OpenClaw on Mac Mini: Build a 24/7 AI Agent Server
A Mac Mini sitting on your desk can run five AI agents around the clock for less than $5 a month in electricity. This guide covers everything you need to turn a Mac Mini into a production-grade OpenClaw agent server, from hardware selection and Docker setup to Ollama local inference and multi-agent orchestration.

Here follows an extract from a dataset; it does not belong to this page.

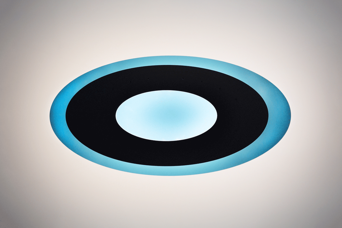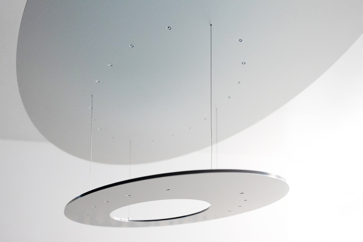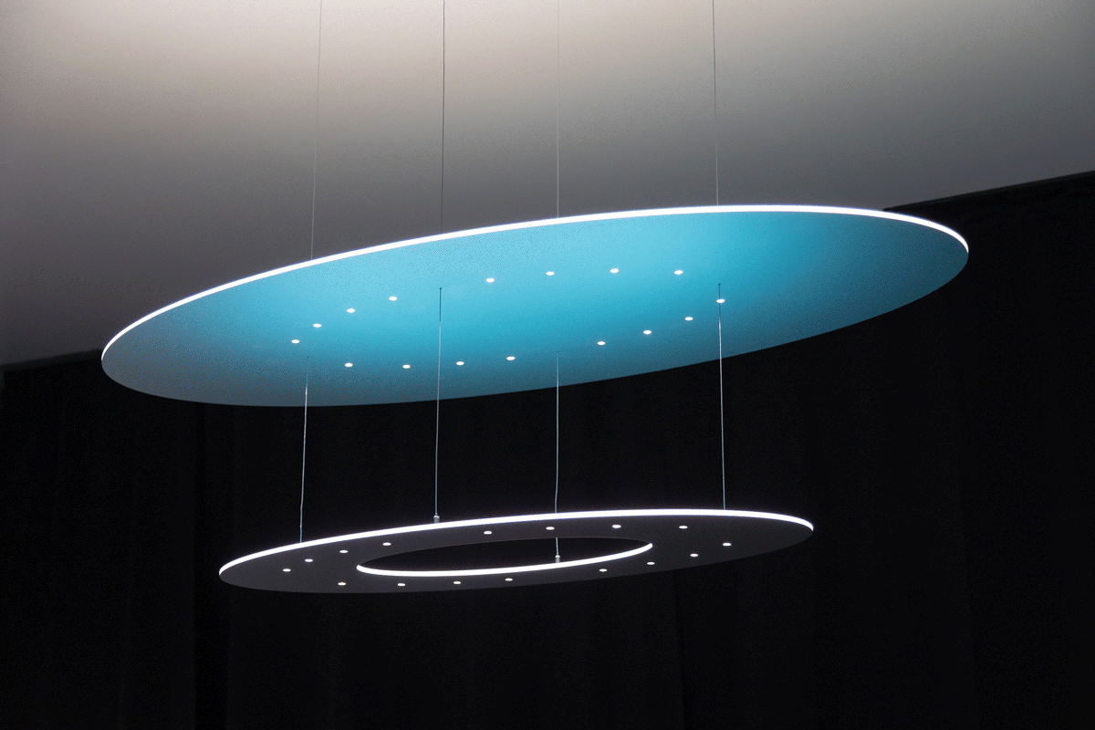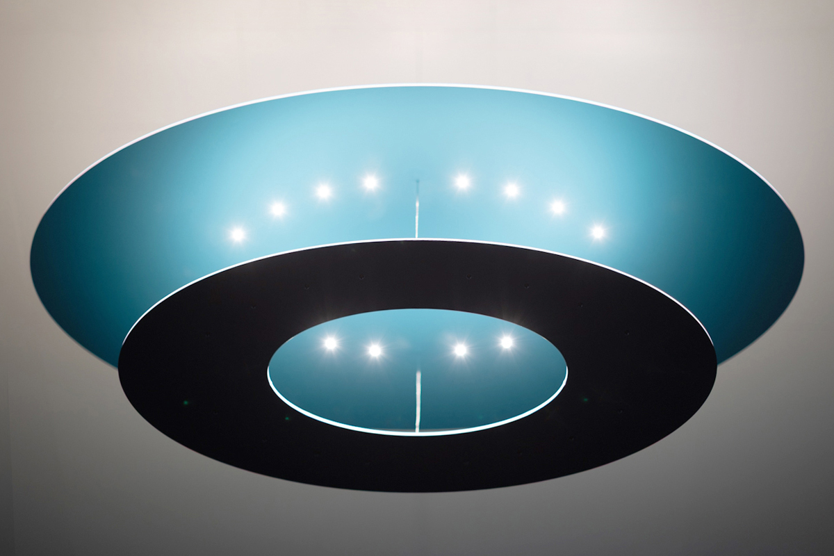 A unique elliptical SparkShape luminaire, made of silver material – yet it appears blue. Only targeted reflection transforms its surface and creates an appealing blue. The appearance of the luminaire changes in a matter of seconds.

Why Mac Mini for AI Agents?
Running AI agents on your laptop works until you close the lid. Running them on a VPS works until the monthly bill arrives. The Mac Mini sits in a sweet spot that makes it the ideal hardware for a personal AI agent server. Here is why.
Always on, whisper quiet
Apple Silicon Mac Minis have no fan noise under normal workloads. They draw 5 to 15 watts at idle, which means you can run one 24/7 in your home office without hearing it and without noticing it on your electricity bill. It is the kind of machine you plug in once and forget about.

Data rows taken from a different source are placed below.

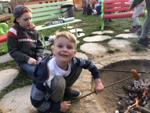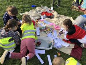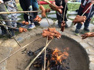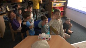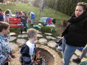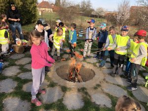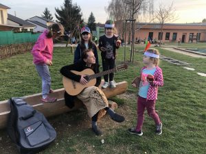 spaní dětí ve školce bylo moc hezké a všichni jsme si ho náležitě užili. Obzvláště nás bavilo opékání buřtů, indiánská hra, vyrábění indiánských čelenek a zpívání s paní učitelkou Gábinou, která nám zahrála i na kytaru. I sluníčko se na  nás smálo z oblohy až do večera.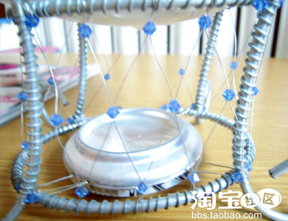 我买来了一些8MM粗的铁丝和一些细铁丝和钢丝,我用8MM的粗铁分别剪成了六段(铁丝太粗剪时把我的手都勒红了),分别弯成两个大小不一的椭圆型,四个两头像云卷的型状(做灯座的腿),然后把它们组合起来用细铁丝固定住(小椭圆在上面),一个灯座的框架就出来了,但是还不稳定,我又用细钢丝像织鱼网似的固定在灯座的框架上(这样就稳定多了),在上面我还镶嵌一些施华洛世奇的水晶珠(为了美观投资有点大),呵呵!外型基本完成了,想想还缺什么?
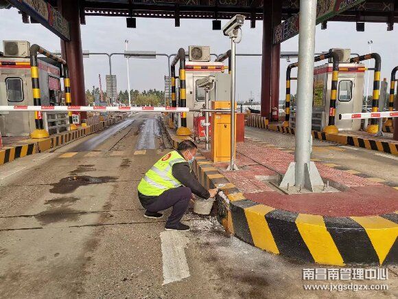 2月6日,南昌南管理中心樟树东收费站在日常安全巡查中发现车道部分安全岛有被剐蹭的痕迹,随着春节临近,该站即将迎来车流高峰,迅速组织人员修补。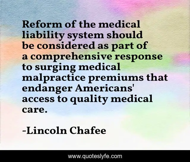 This page presents the quote "Reform of the medical liability system should be considered as part of a comprehensive response to surging medical malpractice premiums that endanger Americans' access to quality medical care.". Author of this quote is Lincoln Chafee. This quote is about quality, response, care,.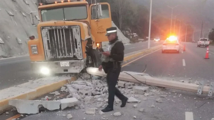 TANCANHUITZ.– El chofer de un camión que circulaba por la carretera federal Valles-Tamazunchale trepó al camellón y chocó contra un poste de la Comisión Federal de Electricidad.

Low power, high performance
The M-series chips pack serious compute into a tiny power envelope. An M2 Mac Mini delivers performance comparable to a server-class Xeon processor while sipping less power than a desk lamp. For AI workloads, the unified memory architecture means the Neural Engine and GPU share the full RAM pool with zero copy overhead.
M-series chips are built for AI
Apple Silicon includes a dedicated Neural Engine and a powerful GPU that share unified memory with the CPU. This architecture is ideal for running local language models through Ollama. A 16GB Mac Mini can run 7B parameter models at interactive speeds without a discrete GPU.

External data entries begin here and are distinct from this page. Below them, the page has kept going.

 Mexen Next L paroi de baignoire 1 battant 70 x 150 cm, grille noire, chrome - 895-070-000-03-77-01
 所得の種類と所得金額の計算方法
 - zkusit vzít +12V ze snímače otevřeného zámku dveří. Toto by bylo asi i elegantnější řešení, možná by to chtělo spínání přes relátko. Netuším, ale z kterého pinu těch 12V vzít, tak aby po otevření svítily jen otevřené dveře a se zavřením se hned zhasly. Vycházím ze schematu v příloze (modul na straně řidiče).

macOS just works for servers
macOS has launchd for service management, built-in SSH, native Docker support through Apple's virtualization framework, and decades of Unix heritage. You do not need to learn a new OS or fight driver compatibility issues. Install OpenClaw, configure a launchd plist, and your agents survive reboots, crashes, and power outages automatically.
Hardware Recommendations
Not every Mac Mini is equal for agent workloads. The right configuration depends on whether you plan to use cloud-based LLMs, run local models with Ollama, or both. Here is a breakdown by use case.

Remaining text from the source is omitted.